#### [Record extracts]
[Start of Attachment]

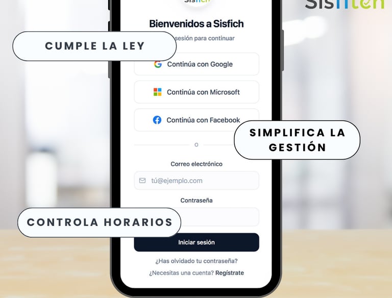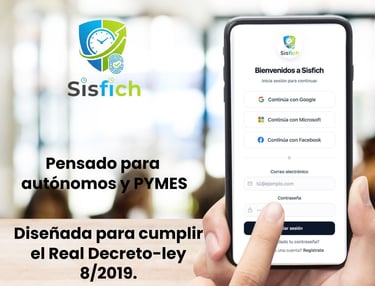 Sisfich App es la solución de registro horario diseñada para cumplir el Real Decreto-ley 8/2019.
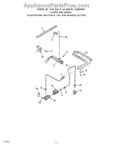 Parts for Roper B4157X0: 02 - Burner Section Parts
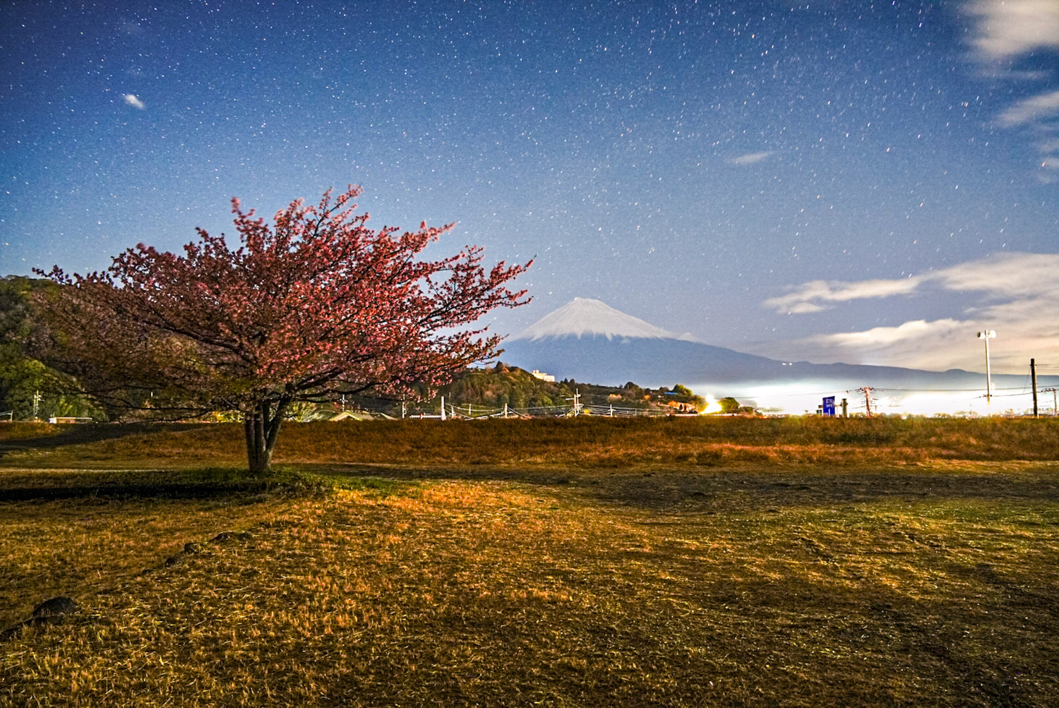 春まだ浅い 2月の終わりに 雨上がり タップリ冠雪した富士山と河津桜と雲海を撮影しました
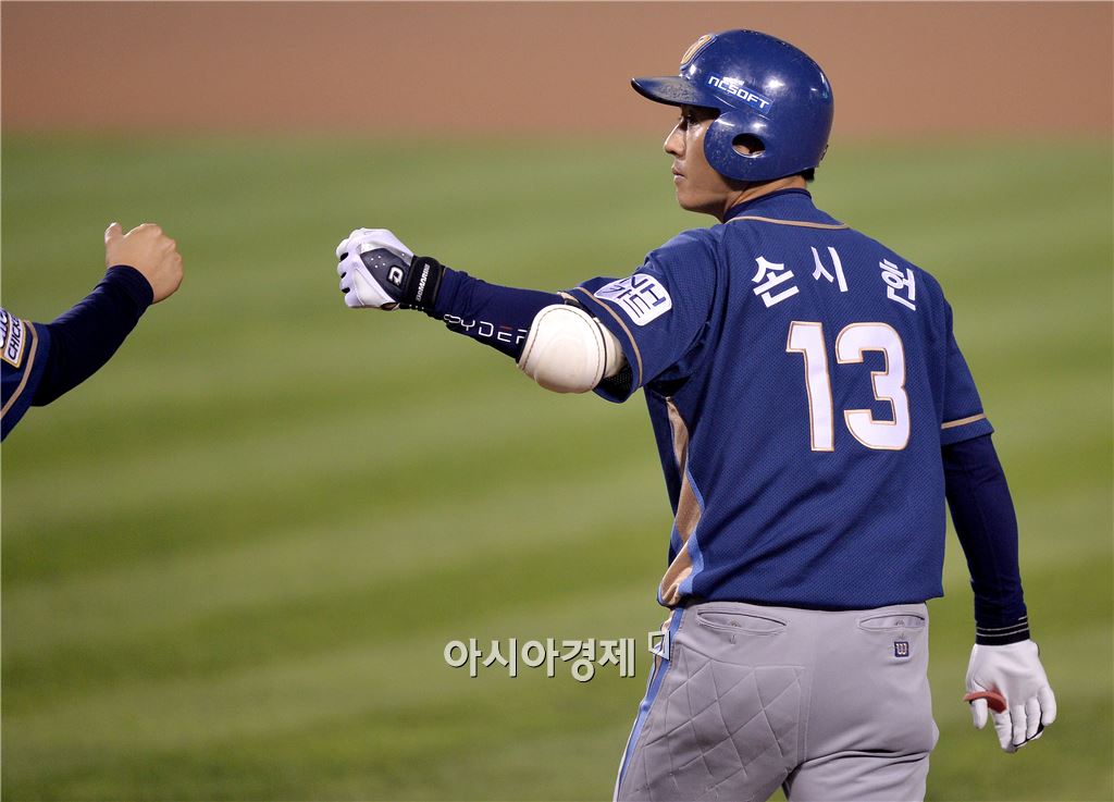 [잠실=아시아경제 김현민 기자] 프로야구 2015 포스트시즌 NC 다이노스와 두산 베어스의 플레이오프 3차전이 21일 잠실구장에서 열렸다. 3회초 1사 1,2루에서 NC 손시헌이 추가 1타점 적시타를 치고 전준호 코치와 하이파이브하고 있다. 김현민 기자 kimhyun81@asiae.co.kr<ⓒ세계를 보는 창 경제를 보는 눈, 아시아경제(www.asiae.co.kr) 무단전재 배포금지>
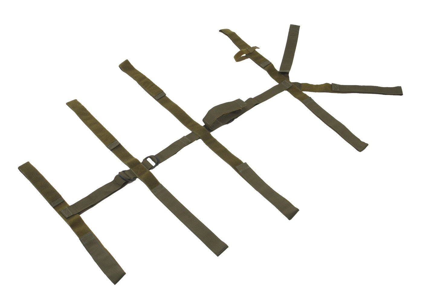 Jednoczęściowa uprząż przeznaczona do desek ortopedycznych i noszy podbierających. 10-punktowy pas posiada pełną regulację długości i zapewnia możliwość szybkiego zabezpieczenia poszkodowanego. Końcówki pasów z zaczepami typu rzep.
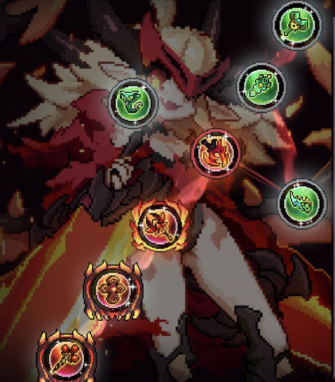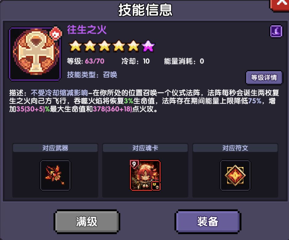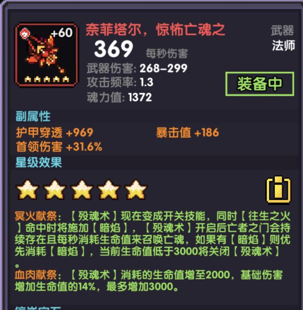 分两点说,第一点:因为武器效果,橙技能变成开关技能,而后会因为紫技能加成并且变成消耗生命攻击敌人的死灵魂法,暗焰越高,伤害加成越多,对自身反噬也越高,生命过低就和蓝量过低一样,关闭橙技能。
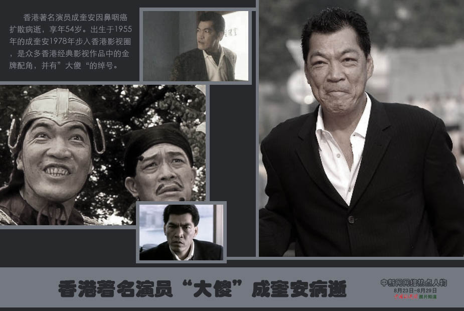中新網本周熱點人物之——成奎安  北京時間27日晚23時45分,香港著名演員成奎安因鼻咽癌擴散病逝,享年54歲。出生于1955年的成奎安1978年步入香港影視圈,是眾多香港經典影視作品中的金牌配角,并有”大傻“的綽號。
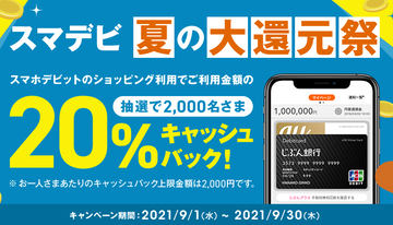 auじぶん銀行、スマホデビット利用すると抽選で20%キャッシュバック
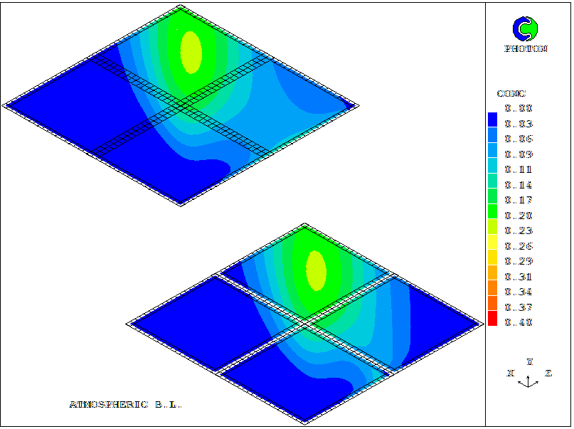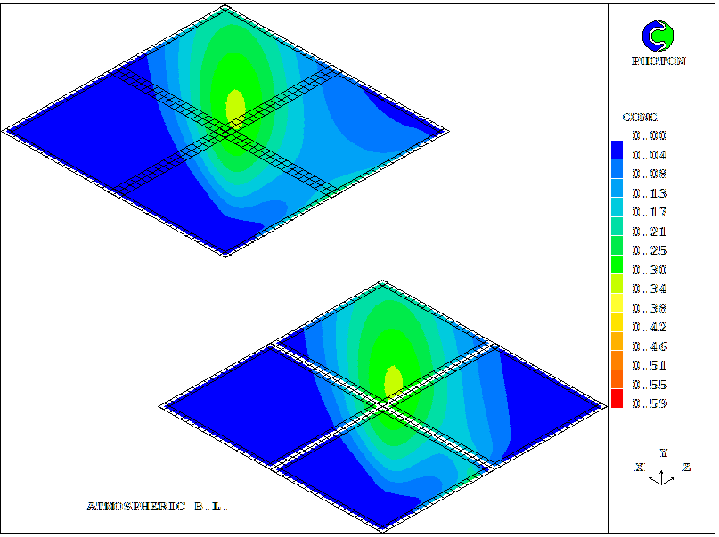 This example, which is case 858 of the core Input-File Library, explores distribution of pollutant over a large territory. Use of transfer objects permits to calculate uni-directional flow on small parts by one for other. The researched area according to the domain-partitioning technique in this case is divided on four parts as is submitted below.
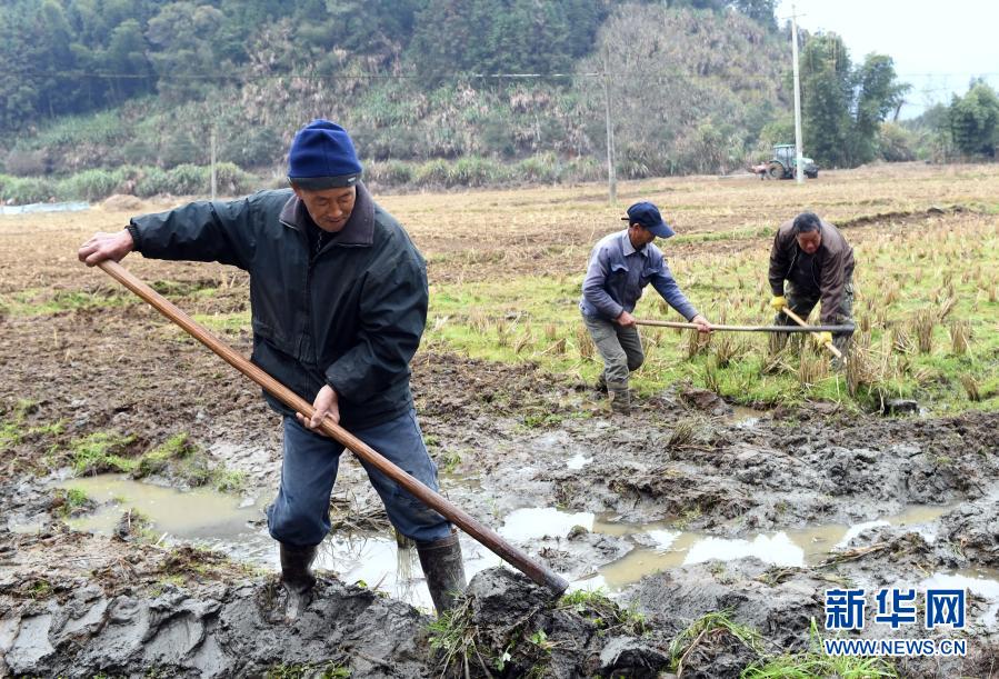 1月3日,顺昌县大历镇大历村农民为种植槟榔芋平田筑埂。新华社记者 彭张青 摄
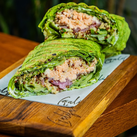 Salmão grelhado (desfiado), quinoa, sour cream, picles de cebola roxa, pepino e mix de folhas, envoltos em wrap de espinafre ou tradicional (dependendo da disponibilidade do Dia).
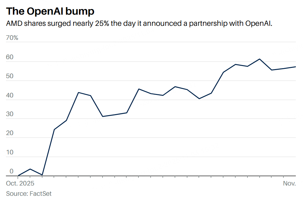 This thinking has been a key part of how many analysts are explaining the stock surges. After AMD shares jumped over 20% on the news of its OpenAI deal, Bank of America senior analyst Vivevk Arya raised his 12-month price target on shares to $250 from a prior target of $200.
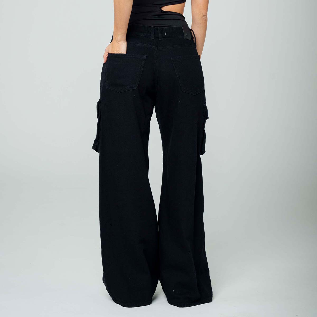 -Pantalón dad fit tipo cargo -talle medio -bota amplia -bolsillos en los laterales -Proceso de desgaste en lavandería -Tejido plano 100 algodon
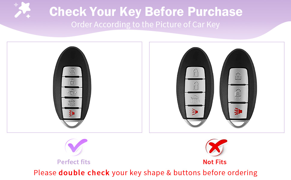 Specific Fit for Nissan: CARFIB for Nissan key fob cover offers a snug and secure fit. Fit for Nissan Altima 2016 - 2022, Rogue 2017 - 2022, Sentra 2021 2022, Maxima 2016 - 2021, Versa 2021 2022, Pathfinder 2013 - 2019, 2022, Armada 2017 - 2021, Murano 2016 - 2021, etc. Kindly Note: Please confirm your car key shape and buttons pattern before ordering.
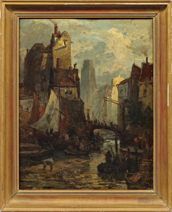 Das hochformatige, in flotter Pinselführung gemalte Werk Schönlebers gibt den Blick vom Kanal auf St. Laurens (Laurenskerk) in Rotterdam frei. Während seiner Studienjahre in München reiste Schönleber ab 1873 in die Niederlande, um Motive für seine im Atelier ausgearbeiteten Gemälde zu sammeln. Ab 1880 als Professor an die Karlsruher Kunstschule berufen, schuf er dort durch neue Impulse in der Landschaftsmalerei besondere Darstellungen des Lichts und vermittelte so seinen Schülern wie Friedrich Kallmorgen die neue Kunstströmung des Impressionismus. Öl/Holztafel. R. u. sign. und dat. München 1874; 49 cm x 38 cm. Rahmen.
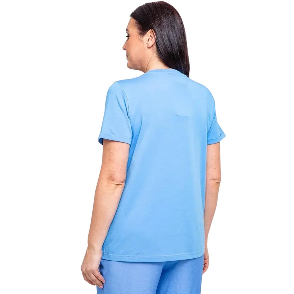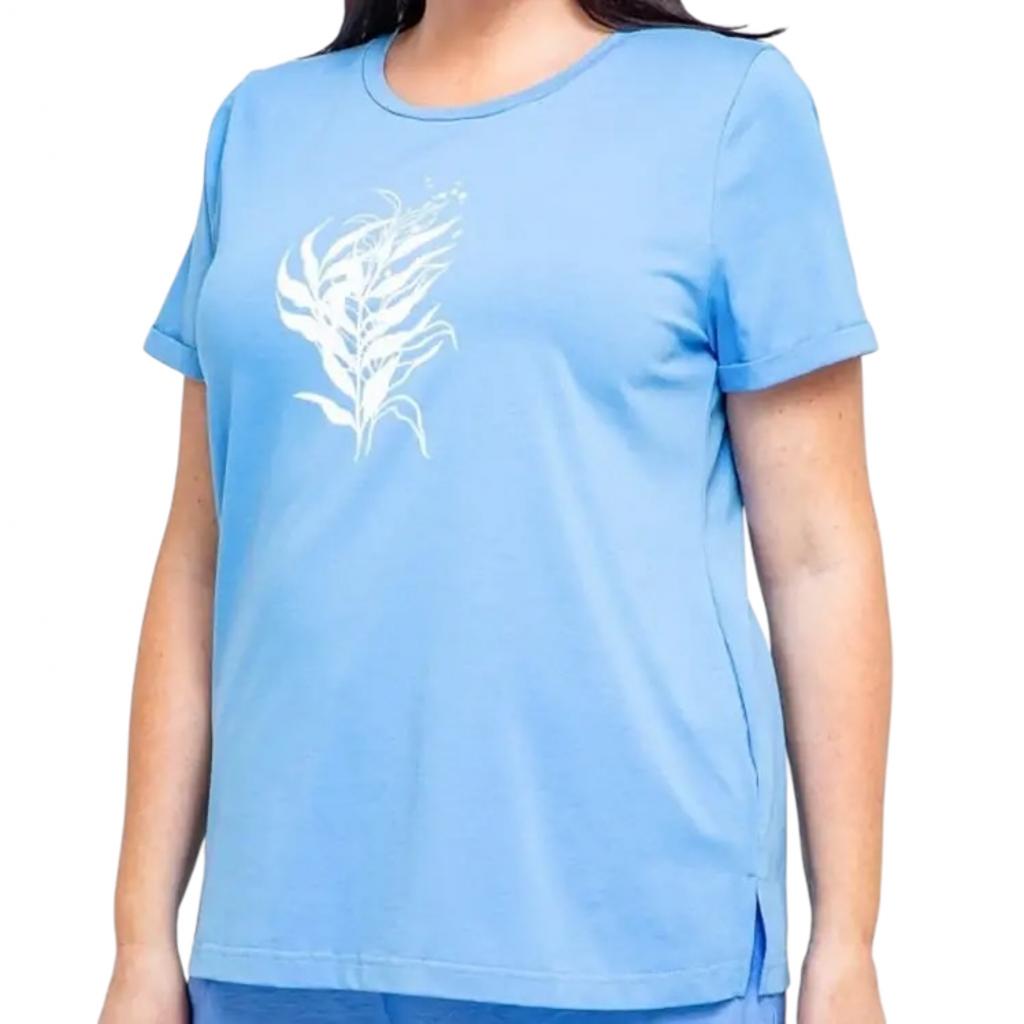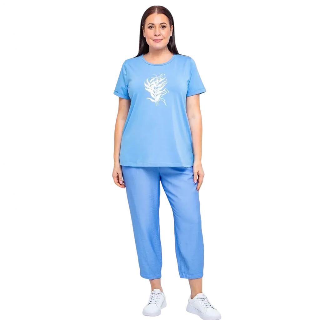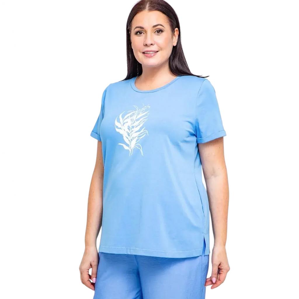 Стильная и удобная трикотажная блуза голубого цвета. Эта модель идеально подойдет для жаркого летнего дня, обеспечивая комфорт и легкость. Блуза имеет прямой фасон с коротким втачным рукавом. Длина до сгиба бедра позволяет сочетать блузу с различными видами низа – от классических брюк до шорт. Вырез горловины круглый, что делает блузу универсальной и подходящей для разных типов лица. На груди располагается белый принт с изображением растений.
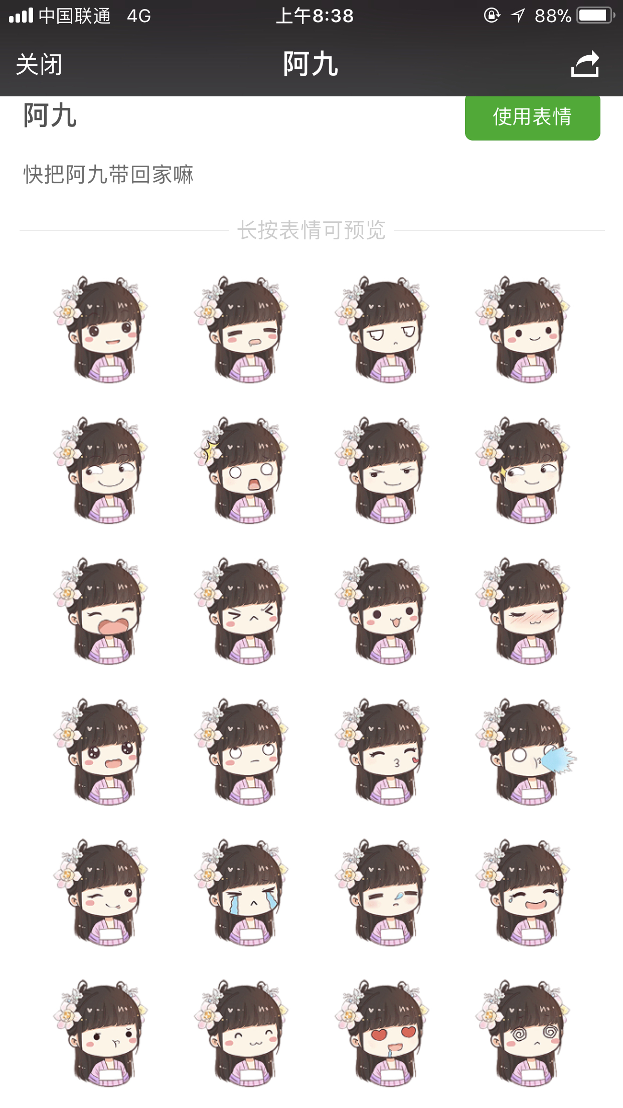 分享给各位粉丝。微信表情商店搜索【阿九】就可以免费下载使用啦。2楼送一张高清大图,想要所有大图的留言,分享给大家。
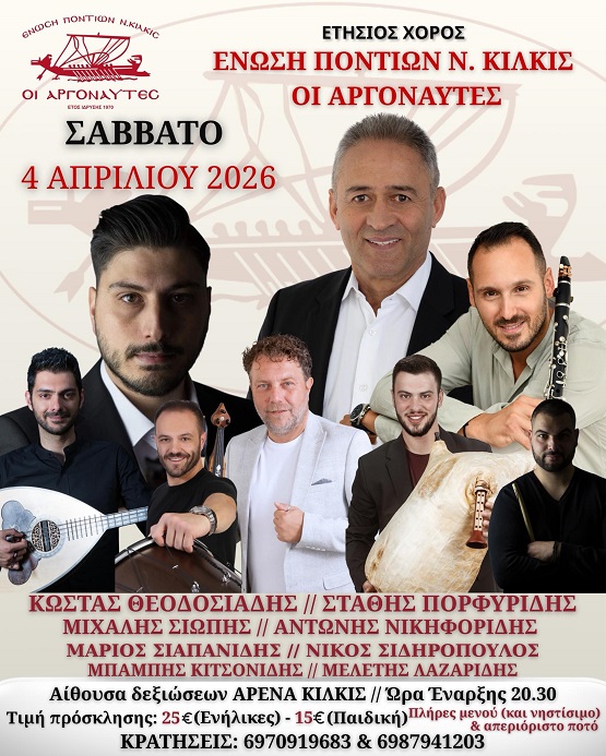 Τον ετήσιο χορό της πραγματοποιεί η Ένωση Ποντίων Ν. Κιλκίς «Οι Αργοναύτες» το βράδυ του Σαββάτου 4 Απριλίου 2026 σε κοσμικό κέντρο του Κιλκίς, με πλούσιο καλλιτεχνικό πρόγραμμα, και τη συμμετοχή των χορευτικών που θα παρουσιάσουν τους ποντιακούς χορούς στο κοινό.
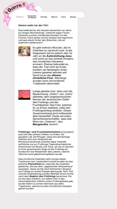 100%ostern im web beschreibt die sitten, gebräuche und traditionen rund um das osterfest. österliche geschichten, gedichte, rezepte, spiele, bilder, u.v.m. werden euch schnell in osterstimmung bringen.

[End of Attachment]

#### [Your objective]
Please set down, exactly and with no pictures, the lines in the entries above starting at the one holding "-Pantalón dad fit" and ending at the one holding "Specific Fit for", ends included.

#### [Solution to the problem]
 -Pantalón dad fit tipo cargo -talle medio -bota amplia -bolsillos en los laterales -Proceso de desgaste en lavandería -Tejido plano 100 algodon
 Specific Fit for Nissan: CARFIB for Nissan key fob cover offers a snug and secure fit. Fit for Nissan Altima 2016 - 2022, Rogue 2017 - 2022, Sentra 2021 2022, Maxima 2016 - 2021, Versa 2021 2022, Pathfinder 2013 - 2019, 2022, Armada 2017 - 2021, Murano 2016 - 2021, etc. Kindly Note: Please confirm your car key shape and buttons pattern before ordering.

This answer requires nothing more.